BUG: merging DataFrames on a column containing just NaN values triggers address violation in safe_sort · Issue #59421 · pandas-dev/pandas (original) (raw)

Pandas version checks

Reproducible Example

import numpy as np import pandas as pd

df1 = pd.DataFrame( {'x': [1, 2, 3], 'y': [np.nan, np.nan, np.nan], 'z': [4, 5, 6]} ) df2 = pd.DataFrame( {'x': [1, 2, 3], 'y': [np.nan, np.nan, np.nan], 'zz': [4, 5, 6]} ) df1.merge(df2, on=['x', 'y'], how='outer')

Issue Description

Related to #55984

Merging DataFrames on a column containing all NaN values results in a
This was not present in 2.1.4 and I think was introduced in #55984 (which fixed other address violations).

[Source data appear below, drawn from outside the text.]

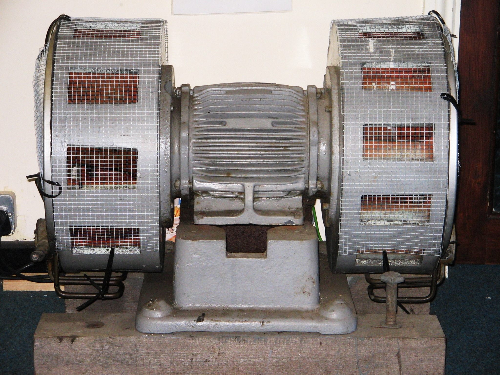 A WWII air raid siren, now housed in the Lowestoft War Memorial Museum
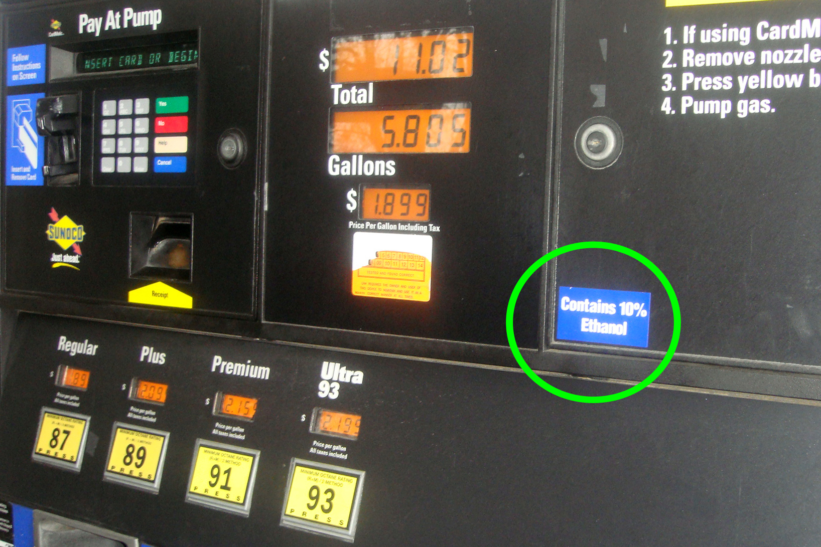 E10 label at a gasoline service pump in Rockville, Maryland regarding the use 10% of ethanol blended with gasoline. MD, US.
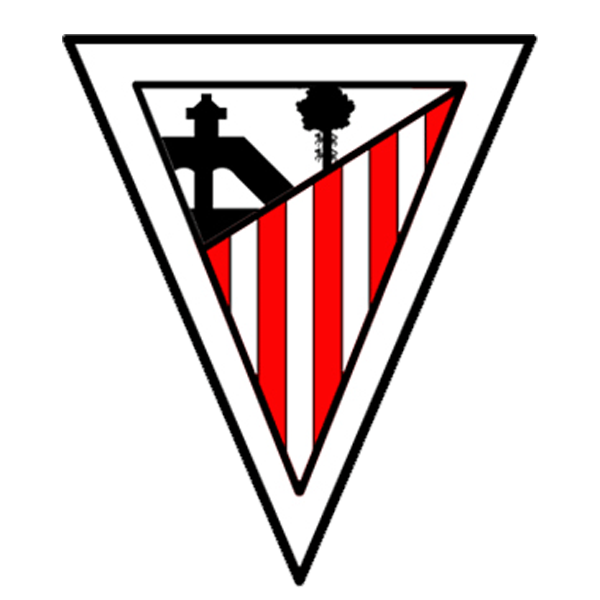 Athletic Club crest adopted in 1922. Digitally enhanced and with alpha channel.
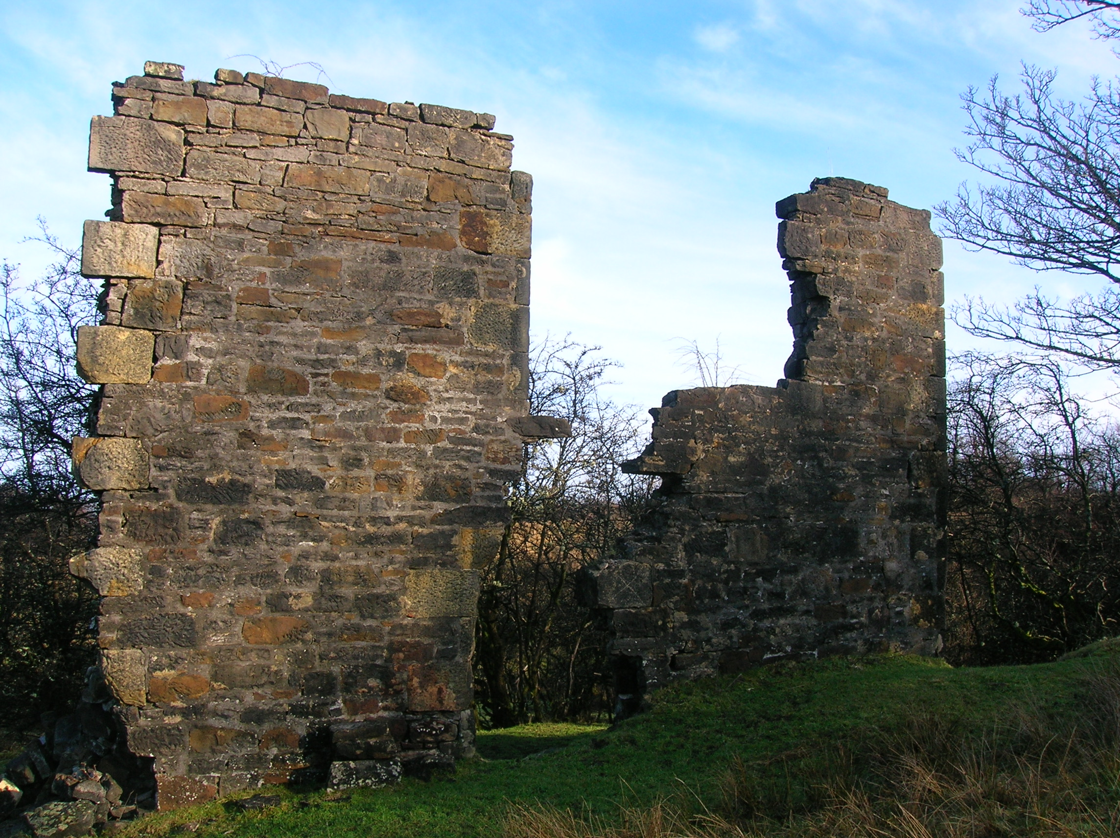 Bark Mill from the west, Mains House and Burn, Beith, North Ayrshire, Scotland.
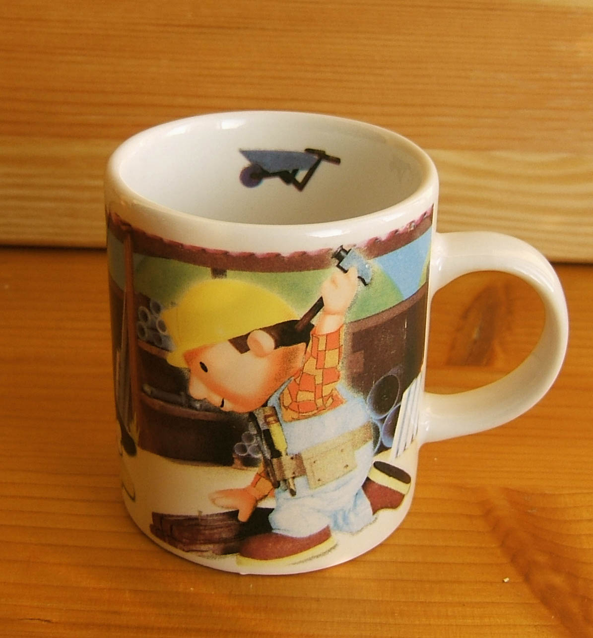 Bob the Builder mug.
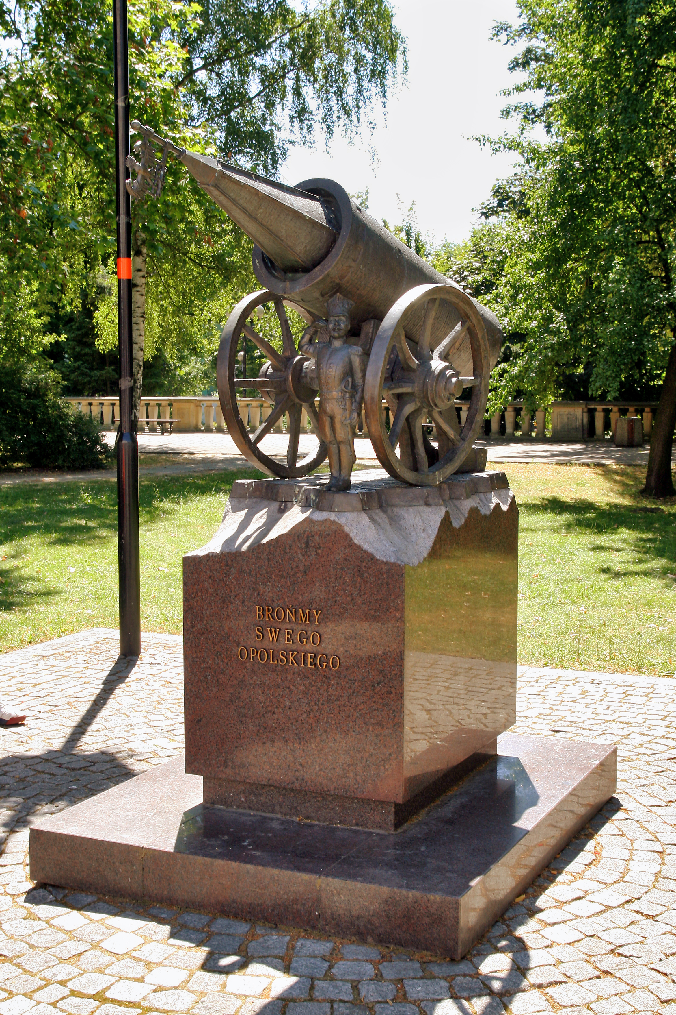 The Monument dedicated to defending of Opole voivodship in Opole.
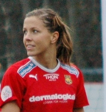 Guro Knutsen Mienna for Røa against Stabæk

Found using asan, can also seen by enabling bounds_checking on take_1d_* in algos_take_helper.pxi.in

My understanding of the cause is:

  1. uniques is an empty array in _factorize_keys - https://github.com/pandas-dev/pandas/blob/main/pandas/core/reshape/merge.py#L2706
  2. The mask set in safe_sort assumes that the array being sorted is at least size 1 - https://github.com/pandas-dev/pandas/blob/main/pandas/core/algorithms.py#L1531
  3. The masked indices are set to 0.
  4. take_nd assumes the indexer contains no out-of-bounds indices, but an index of 0 is out of bounds in this case.

I am not familiar with pandas internals but changing the mask on https://github.com/pandas-dev/pandas/blob/main/pandas/core/algorithms.py#L1531 to

mask = (codes < min(-len(values), -1)) | (codes >= len(values))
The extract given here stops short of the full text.